RC W5D4 - Engineers shouldn’t write ETLs

Classification of audio data

At yesterday's workshop on neural networks, we trained a convolutional neural network (CNN) on the MNIST dataset. The MNIST dataset consists of hand-drawn digits from zero to nine, 28 pixels by 28 pixels in size. A traditional ML model would treat each of the 784 pixels as simply another feature (hence agnostic to column ordering). A CNN would take 'snapshots' of the image, retaining its 2-dimensional structure and (in line with intuition) outperforms the traditional ML model.

There's a team at RC participating in Kaggle's Birdcall Recognition competition. The competition involves identifying the name of the bird in a birdcall audio file. I learned that converting the audio format into an image and then training a CNN on the image is a common technique. The visual representation of the spectrum of frequencies over time is called a spectrogram.

The question that arose was how to deal with metadata. I won't go into too much detail since the competition is still ongoing; we explored a number of possibilities with multi-label models. The basic premise is we have a set of models that perform equally well on the main performance metric, and we use the other labels to select the best (or perhaps, the most robust) among them. Excited to see how this plays out!

Content: Data engineering

A common functional split in a company is between data producers and data consumers. Data producers tend to be engineering team(s) that create and maintain ETLs to move and transform data from one source to another. Data consumers tend to be data science team(s) that use the data for analysis and/or modeling.
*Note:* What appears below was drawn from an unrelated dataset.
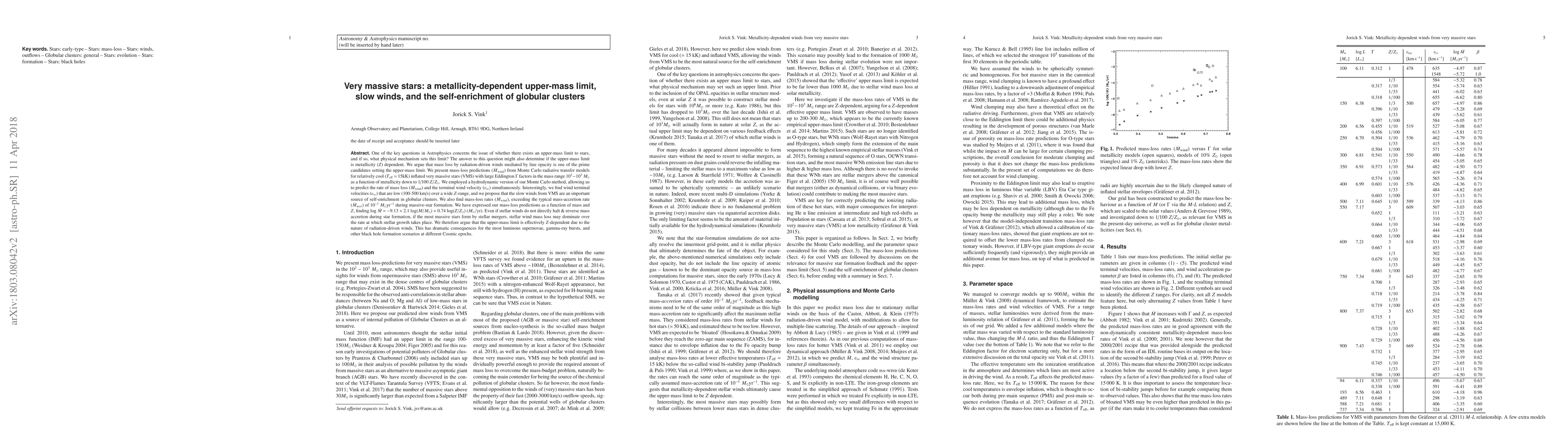 This paper explores the upper-mass limit for very massive stars (VMS), proposing that radiation-driven winds set this limit and that it is dependent on metallicity. The study finds slow wind terminal velocities and significant mass-loss rates, suggesting that these winds contribute to the self-enrichment of globular clusters.

The problem with this setup relates to handoffs. Data consumers have more context on the data. When there are data quality issues, data consumer will raise this with data producers. There's usually a bottleneck: data consumers care about the data but are blocked pending a fix, data producers don't have as much insight into use cases but have to prioritize inbound requests.

The following Stitch Fix post proposes a different model, reducing instances where the problem is passed "over the wall". In this model, data producers create tools to make it easy for consumers to create and maintain ETLs i.e. "design new Lego blocks". Data consumers owns the process end-to-end, i.e. "assemble [the Lego blocks] in creative ways to create new data science".

https://multithreaded.stitchfix.com/blog/2016/03/16/engineers-shouldnt-write-etl/

This way each team can take ownership of the things they care about, iterate autonomously and move faster together.